The September poll from Gray Media and Mason-Dixon Polling Strategy also showed that in a hypothetical runoff, Landry received 70% of the white vote and 11% of the black vote in comparison to Wilson, who received 74% of the black vote and 24% of the white vote.
John Couvillon, a Louisiana-based pollster and consultant, pointed to low early-voting turnout as a sign of Democratic weakness in the primary. “It has been a low-wattage governor’s race. Voters aren’t really, really excited about this election cycle, as was evidenced by the early voting turnout being about seven to 8% lower than it was four years ago,” Couvillon told the Washington Examiner. “One thing that is interesting is black turnout has been down relative to what it was four years ago. And typically in Louisiana, early voting is tilted, more Democratic.”
The Associated Press reports that at least 345,957 voters have cast ballots before Election Day, with 45% cast by Republicans, 40% by Democrats, and 15% by members of other parties. The early voting turnout doesn’t bode well for Wilson, Couvillon said, because “that means that you’re likely to have an even more proportionately Republican Election Day vote.”
Jay Connaughton, a Republican strategist, Landry adviser, and founder of the political ad agency Innovative Politics, touted Landry’s “energy” as one of the reasons he’s resonated with Louisianians, but he also doubted that Wilson could prevail in a runoff.
“Shawn Wilson has a very strong, Democratic base that has stuck with him consistently since his announcement. His campaign, while relatively quiet, will be enough to put him in a solid second-place position, but it won’t be enough for (him) to win in November,” Connaughton said.

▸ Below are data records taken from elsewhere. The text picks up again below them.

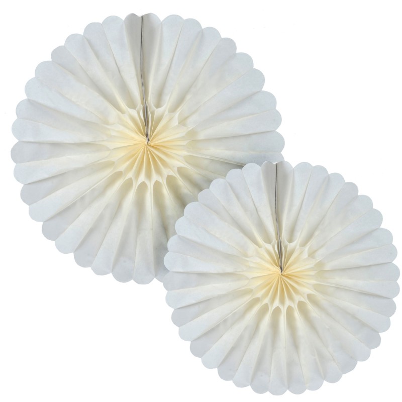 Комплект от 2 броя висящи парти декорации във формата на ветрило, изработени от хартия в цвят екрю.
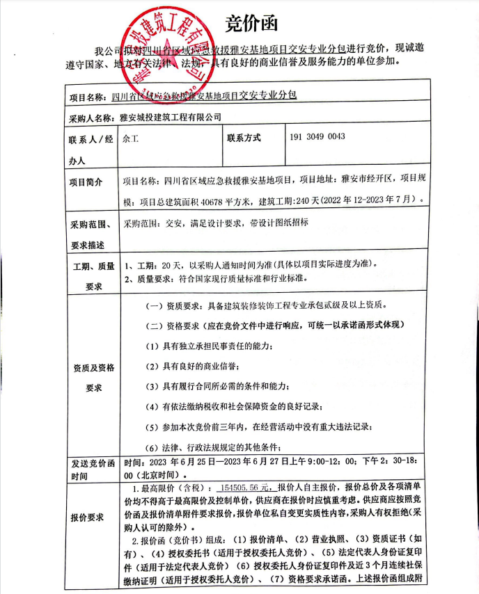 四川省區(qū)域應(yīng)急救援雅安基地項(xiàng)目交安專業(yè)分包競(jìng)價(jià)公告
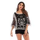 Hot Sale Women Loose Round Collar Three Quarter Sleeve Embroidery Chiffon Blouses
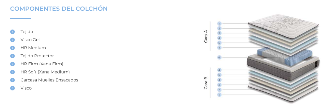 Por todo ello, nace Xana. Un colchón que ofrece dos tipos de firmeza según tus prioridades. ¿Firm o Medium? Es tu momento. Elige tu Xana. Elige tu forma de vivir y soñar. Su independencia de lechos hará de este colchón el complemento ideal para el final de tu jornada
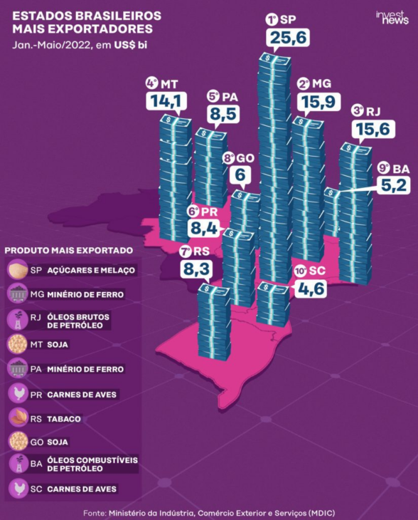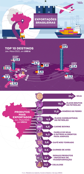 Iron ore saw a drop of 35.55% after peaks last year due to low mining productivity. According to data shared by the federal government, it is estimated that between January and May, the export value exceeded US$ 11 billion. Following the metal, which benefits the mining sector, is beef, primarily exported to South American countries, which reached US$ 4 billion in negotiations.
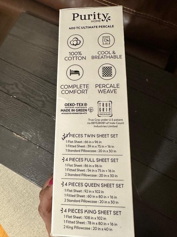 Purity Home400 Thread Count Cotton Percale Pillowcase Pair, Standard
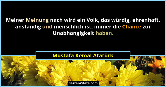 Meiner Meinung nach wird ein Volk, das würdig, ehrenhaft, anständig und menschlich ist, immer die Chance zur Unabhängigkeit haben.
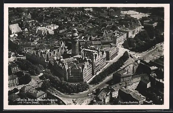 AK Leipzig, Neues Rathaus vom Flugzeug aus
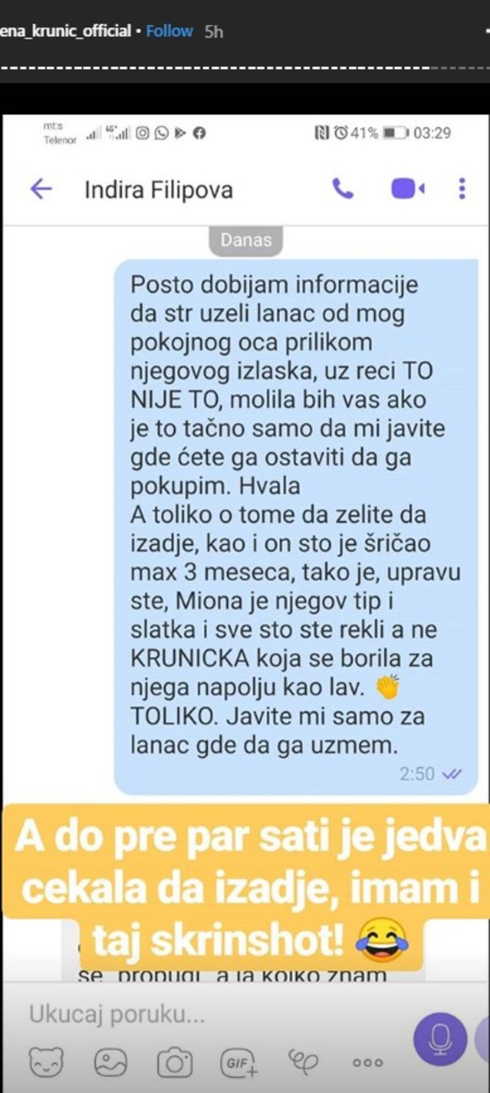 "Molim vas, javite mi gde uzmem lanac. A do pre par sati je jedva čekala da izađe", pisala je Krunićka.
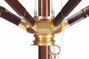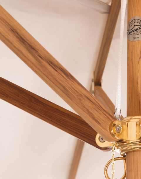The solid brass fittings complement the oak beautifully while providing lasting durability. Combined with our signature open and close system, these brass components develop a rich patina over time, adding character to each umbrella.
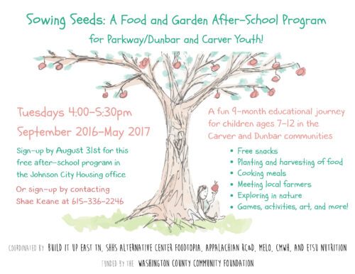 [2] Grade K-8: Shae Keane, Program Leader of Build It Up, will be creating weekly placed-based education for children ages 7-12 in the Mountain Home neighborhood (the Parkway/Dunbar and Carver Johnson City Housing communities), centered around use of the Wilson Avenue Food Forest Park, within walking distance of Carver Recreation Center. The programming will focus on food, health, and nutrition literacy, with emphasis on helping the children learn how to plant, grow, harvest, and cook their own food. Keep up with Shae and the Mountain Home Sowing Seeds program through her blog.
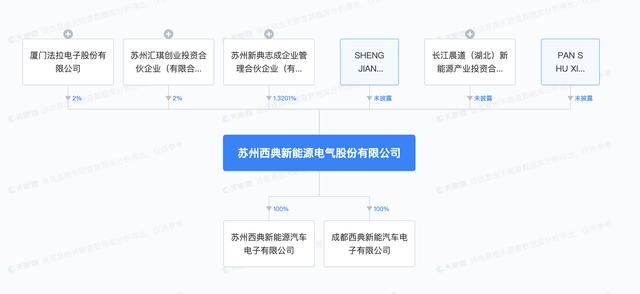 天眼查信息显示,西典新能成立于2007年5月,前身为苏州西典机械有限公司。目前,该公司的注册资本约为1.21亿元,法定代表人为盛建华(SHENG JIAN HUA),主要股东包括盛建华、潘淑新等。
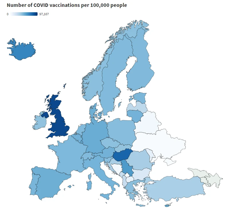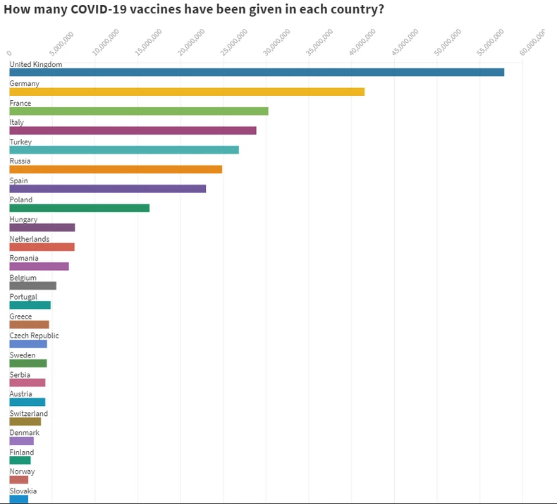 U pogledu apsolutnog broja datih vakcina zaključno sa četvrtkom, Velika Britanija, koja je sa imunizacijom počela skoro tri nedelje pre EU, ubedljivo vodi. U toj zemlji ukupno je dato 57.855.968 doza cepiva.

Republicans currently have supermajorities in the state Senate and House as of March this year. A gubernatorial win from Landry would give the party control over state policymaking and could lead to more GOP legislative priorities. Landry could attempt to pass legislation that Edwards has previously vetoed including legislation that would require K-12 schools to send exemption information in vaccine requirement communication.
“He’s going to have the opportunity to institute real structural reform within the state,” said Rainey about a possible Landry win. “Some may not be as sexy as others. We need structural structural tax reform to help boost economic development. … I also think you will see a much more aggressive push for for fighting back against violent crime.”
Landry has campaigned on reining in crime in Louisiana including ending “catch and release” and increasing law enforcement pay, all of which Connaughton said is part of the reason Laundry is a relatable candidate.
“When people look at Jeff, they see someone they can relate to and trust to bring about substantive change,” Connaughton said. “Sean Wilson is more of the same, from a Democrat incumbent administration that has failed to make Louisiana a better place to call home. It’s a clear distinction between a candidate who can deliver a better future or [a] candidate who represents a failed past.”